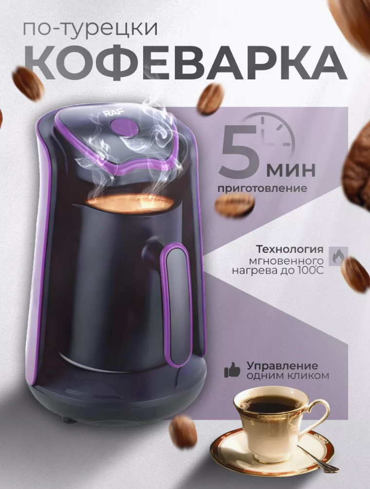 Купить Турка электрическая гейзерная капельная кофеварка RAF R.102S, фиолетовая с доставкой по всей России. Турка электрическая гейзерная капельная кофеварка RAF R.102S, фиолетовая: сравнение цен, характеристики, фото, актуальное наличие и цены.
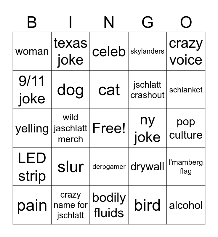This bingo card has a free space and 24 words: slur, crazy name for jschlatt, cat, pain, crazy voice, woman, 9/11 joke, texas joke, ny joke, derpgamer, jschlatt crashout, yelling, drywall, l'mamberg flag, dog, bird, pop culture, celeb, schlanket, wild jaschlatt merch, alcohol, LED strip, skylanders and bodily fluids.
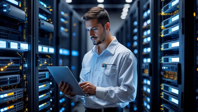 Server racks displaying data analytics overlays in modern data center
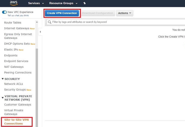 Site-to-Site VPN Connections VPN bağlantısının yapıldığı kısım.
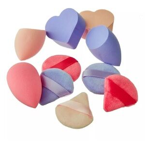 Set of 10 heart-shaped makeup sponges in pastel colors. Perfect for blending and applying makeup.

--

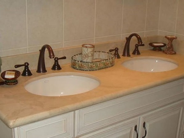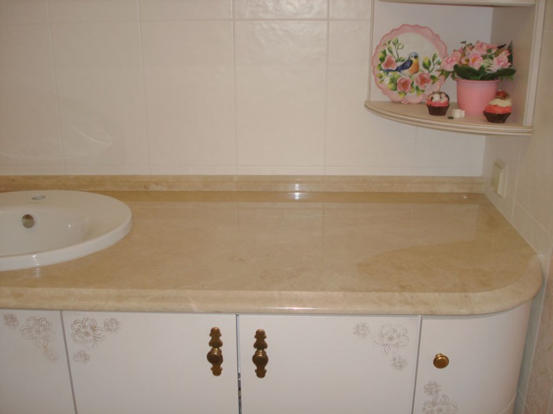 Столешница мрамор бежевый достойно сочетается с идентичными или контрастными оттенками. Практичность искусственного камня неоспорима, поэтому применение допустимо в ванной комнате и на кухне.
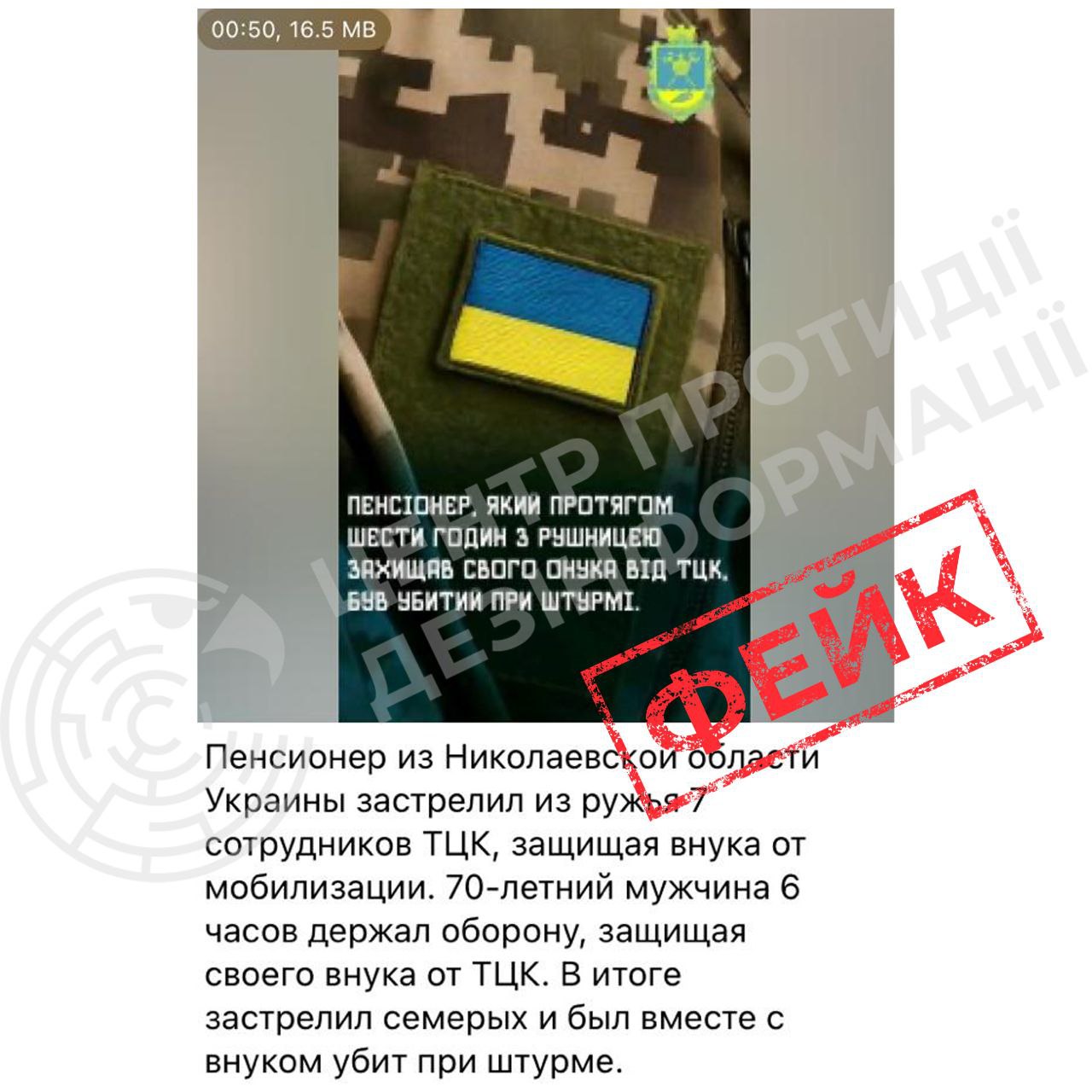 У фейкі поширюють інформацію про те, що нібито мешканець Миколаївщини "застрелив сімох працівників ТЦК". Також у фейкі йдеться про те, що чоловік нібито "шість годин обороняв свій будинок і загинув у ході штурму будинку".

▶ _WORK TO COMPLETE_
Exact repeat of the material above: every line from the one with "Купить Турка электрическая" through the one with "Set of 10 heart-shaped", endpoints included, and nothing more. No pictures.

▶ _EXERCISE SOLUTION_
 Купить Турка электрическая гейзерная капельная кофеварка RAF R.102S, фиолетовая с доставкой по всей России. Турка электрическая гейзерная капельная кофеварка RAF R.102S, фиолетовая: сравнение цен, характеристики, фото, актуальное наличие и цены.
This bingo card has a free space and 24 words: slur, crazy name for jschlatt, cat, pain, crazy voice, woman, 9/11 joke, texas joke, ny joke, derpgamer, jschlatt crashout, yelling, drywall, l'mamberg flag, dog, bird, pop culture, celeb, schlanket, wild jaschlatt merch, alcohol, LED strip, skylanders and bodily fluids.
 Server racks displaying data analytics overlays in modern data center
 Site-to-Site VPN Connections VPN bağlantısının yapıldığı kısım.
 Set of 10 heart-shaped makeup sponges in pastel colors. Perfect for blending and applying makeup.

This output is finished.